I shook my head hard, hit wall and slid across it.

“Emme?”

See your mother and father again.

“No,” I begged.

Strong hands on my arms.

“Emme!”

Emme!

My head turned and instead of a bookshelf, I saw them there.

Emme!

Their faces.

I couldn’t bear the faces.

I closed my eyes.

The hands left my arms, slid up and curled around my neck. “Baby, what’s happening?”

Emme!

I saw their faces behind my closed eyelids. Burned there. Burned there for eternity.

You scream, you’ll never see your mother and father again.
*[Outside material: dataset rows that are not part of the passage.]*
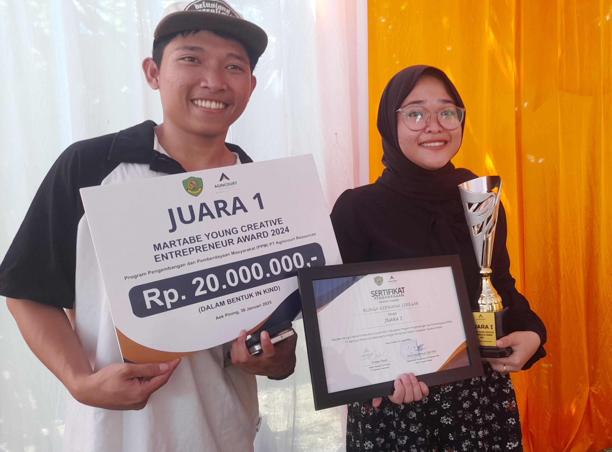 TAPSEL NEWS – Bunga Nirwana Siregar seorang pengusaha UMKM wirausaha muda berhasil meraih juara 1 di Event Young Creative Entrepreneur Award 2024 di PT Agincourt Resources, Tambang Emas Martabe, Batang Toru, Kabupaten Tapsel, Sumatera Utara.
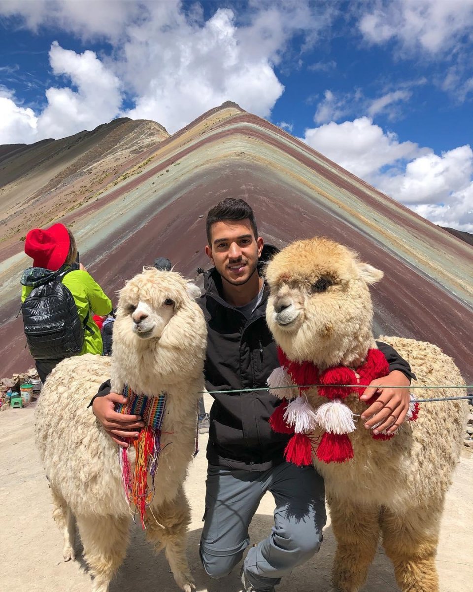 許多登上彩虹山的遊客都會和可愛的羊駝合照!
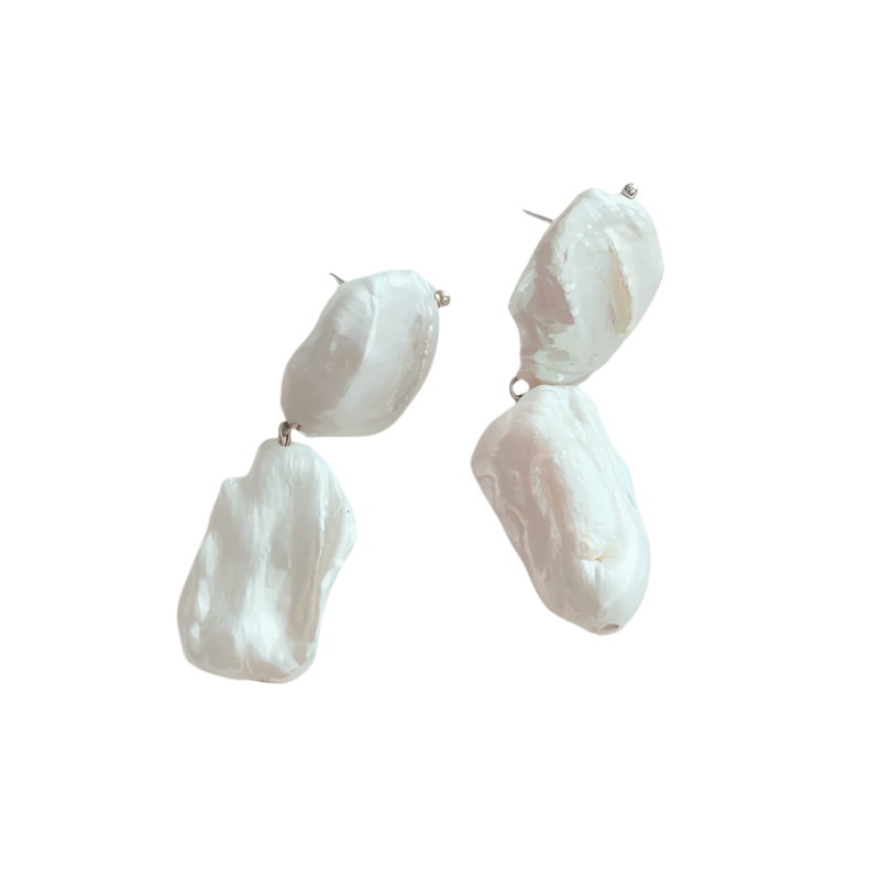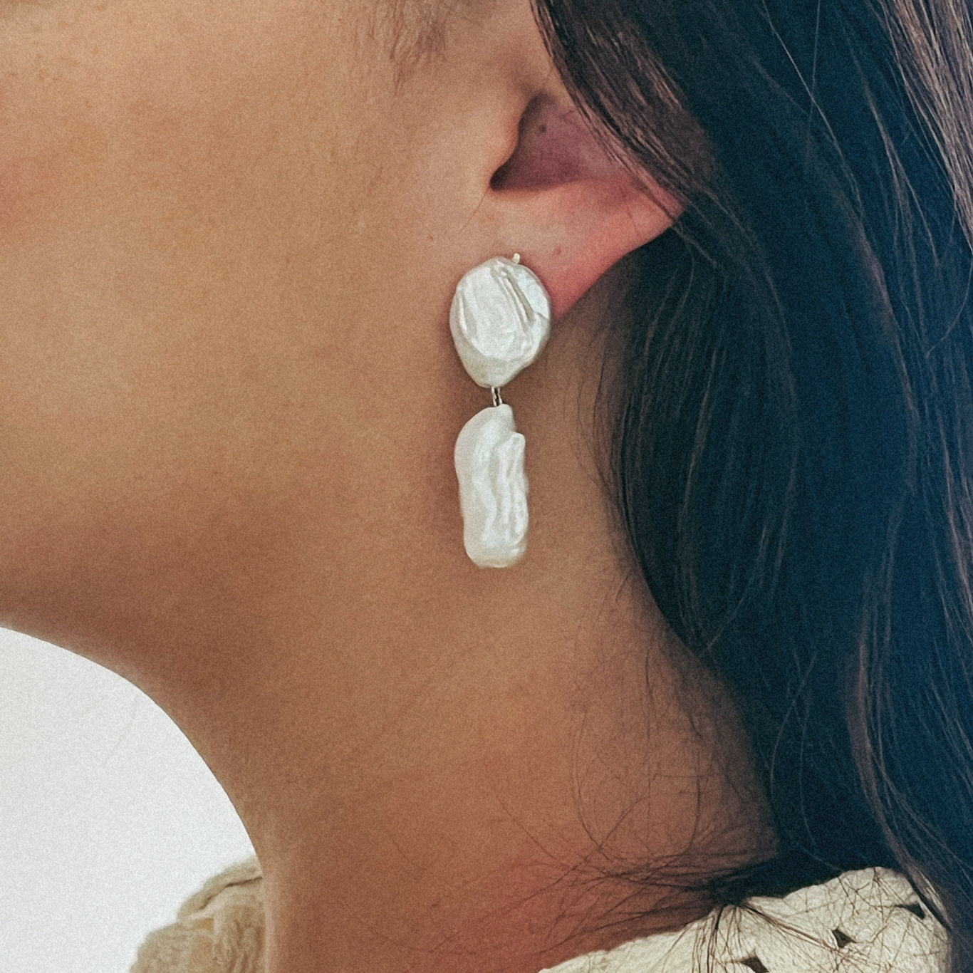 Slip into elegance with our 16 / ESSENCE dangle earrings. Adorned with large freshwater keshi pearls, these earrings are sophistication. Complete with sleek silver posts and finishings.
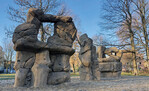 Als achte Station auf der SpreeMeile in Cottbus stehen diese drei Boulder-Felsen aus witterungsfestem Spritz-Beton der Lausitzer Felsenmanufaktur.
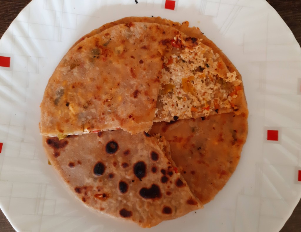 Try this Mix veg paneer stuff paratha. It is the healthiest paratha recipe with protein-packed cottage cheese/paneer and lots of vegetables. I have used onions and bell peppers, but if you like you can add other vegetables too like cabbage, cauliflower, peas, etc.
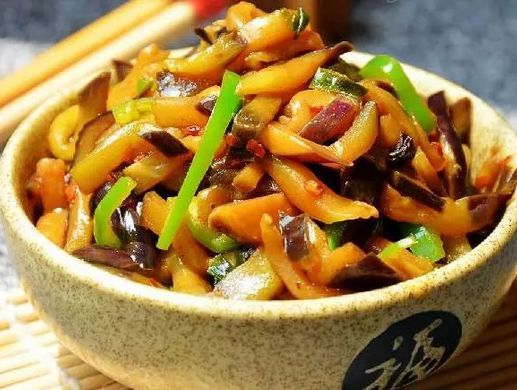 这道菜适合大火煸炒,无需加水把茄丝煸炒至软,再加各种调味料翻炒,茄子的口感才好。
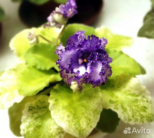 Фиалки украинской селекции . Крупные белые цветы с сильно гофрированной зеленой каймой, которая по мере роспуска цветка становится ярко-голубой . Стандартная зеленая розетка . Сорт 2019 года . . .

“Please, Emme, baby, talk to me.”

“No,” I forced out on a tortured whisper.

“Where are you, honey?” The hands at my neck gave me careful squeeze. “Jesus, Emme, come back to me.”

Emme!

Those faces.

“No,” I pleaded.

Emme!

“No!” I shrieked.

Yanking my neck from the hands, I tried to escape.

Arms caught me.

I fought, vicious, kicking, snarling, scratching, bucking.

Remembering.

I was standing behind the kissing tree at recess waiting for my kind-of boyfriend to meet me there.

The tree was in the corner of the far end of the playground. Perfect spot to hide from the teachers and try out kissing. It was also where the chain link fence had been pried away from the post so the bad kids could go out and smoke cigarettes, or whatever they did.

I had my back to the fence, my hands to the rough bark, my body tipped to the side so I could look around the tree to see if my boyfriend was coming.

Suddenly, a hand came over my mouth.

I froze.

I jerked.

A mouth came to my ear.

“You scream, you’ll never see your mother and father again.”

In the library in my home, I screamed.

Back then, I didn’t scream.

I didn’t… fucking… scream.

“It’s me, baby, f**k, shit. Fuckin’ hell, Emme. It’s me.”